My recovery from delivery was rough, but I was more concerned with my babies and how they were doing. Making the trip down to the NICU was tough. I couldn't walk for the first couple of days so I had to have someone take me in a wheel chair to see them. They were so tiny and sweet. I couldn't believe they were inside my belly just days before. They were absolute miracles and I couldn't have been more proud of them.

Getting discharged from the hospital was the hardest thing I have ever had to deal with, even harder than all of the struggles I had during pregnancy. I had to leave my babies in the NICU until they were ready to come home. I can't even describe the pain I felt leaving them behind. It felt as though I was leaving an actual part of myself behind, and I wouldn't feel whole again until they were home with me. I cried so much that day, and everytime I had to leave the NICU to go home, it was like reliving that horrible feeling of leaving yourself behind every single time.

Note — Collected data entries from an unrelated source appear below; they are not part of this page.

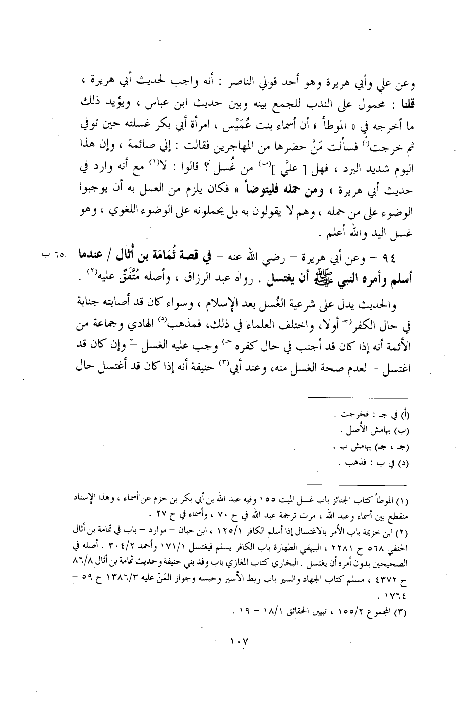 94 - وعن أبي هريرة - رضي الله عنه - في قصة ثُمَامَة بن أُثال عندما أسلم وأمره النبي - صلى الله عليه وسلم - أن يغتسل. رواه عبد الرزاق، وأصله مُتَّفَقٌ عليه (¬2).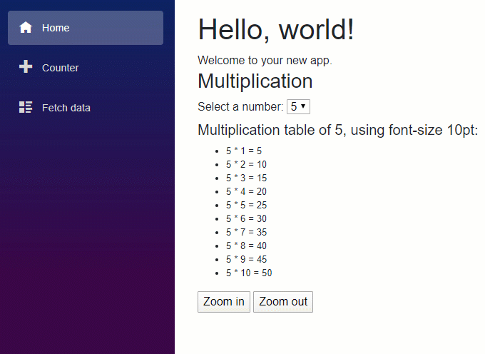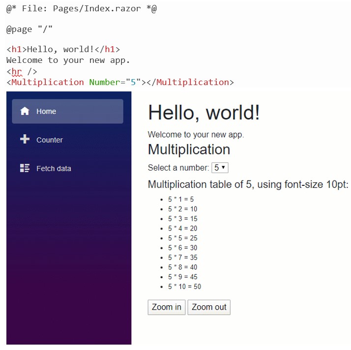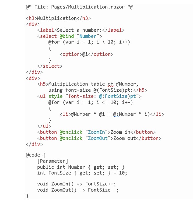 A continuación, veamos el código del componente <Multiplication>, definido en el archivo Multiplication.razor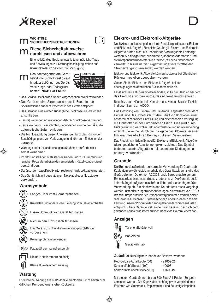 Nur Originalzubehör von Rexel verwenden: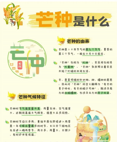适宜种植:继续晚稻育秧,种植西瓜、甜瓜等。农事活动:进行第二次中耕除草。9. 芒种

I woke up every morning so excited to see my babies that day. I would get myself ready for the day, gather all of my breastmilk that I pumped since I was last in the NICU, pack myself snacks and meals, pack my breast pump supplies, and head out to the NICU. The hospital was about 30 minutes away, so not a terrible drive but I was always so anxious to arrive and see them. I would drop my milk off to the NICU staff, "scrub in", and make my way over to my babies' pods. My heart pounded and fluttered everytime I got closer to their pods and I felt as though my heart would explode with happiness as soon as I saw them. I felt like the luckiest woman in the world every single time I saw them.

While I would visit, doctors and nurses would update me on everything going on with the babies, which luckily for me, was never anything major. My premature triplets were considered "feeders and growers", which meant they just needed to grow more before they could come home. I would look around at other pods in the NICU and see babies in much different circumstances. My heart broke for those parents whose babies were fighting for every breath, every second of the day. Here I was with three healthy babies who only needed a little more time to grow, and others were dealing with much scarier situations. I said a prayer every single time I was in the NICU. Not only for my babies, but for every baby there and their parents.

After a month in the NICU, our sweet Emma was coming home!! It was such a bittersweet day since the other two, William and Adelyn, were not ready to come home yet. It was difficult but we knew that they would be home before we knew it! My husband and I were so blessed with amazing family that helped us out by watching Emma so we could see the other two in the NICU. Less than a week later, Adelyn was coming home, and one day after that, William was on his way too! The happiest day of our lives when all three babies came home!!!

The NICU experience for me wasn't as bad as it could have been, like so many others have to experience unfortunately. Even though the babies were preemies, they were healthy and I am so grateful for that. My biggest fears did not become a reality and I thank the Lord everyday for my blessings. The NICU staff was so amazing and accommodating and I appreciate every single thing that they do for families. I always felt as though I was robbed of a "normal" pregnancy, but in reality, I gained so much strength from this experience and I honestly believe that God chooses the people that he knows can handle the difficulties that having a child(ren) in the NICU bring. From the difficult pregnancy, to the NICU, to the daily struggles of raising my now 14 month old triplets, I am stronger than I've ever been and I pray that my children will always see that strength when they see me and that they'll always believe they are the ones that made me strong. Because they are the strongest people I know.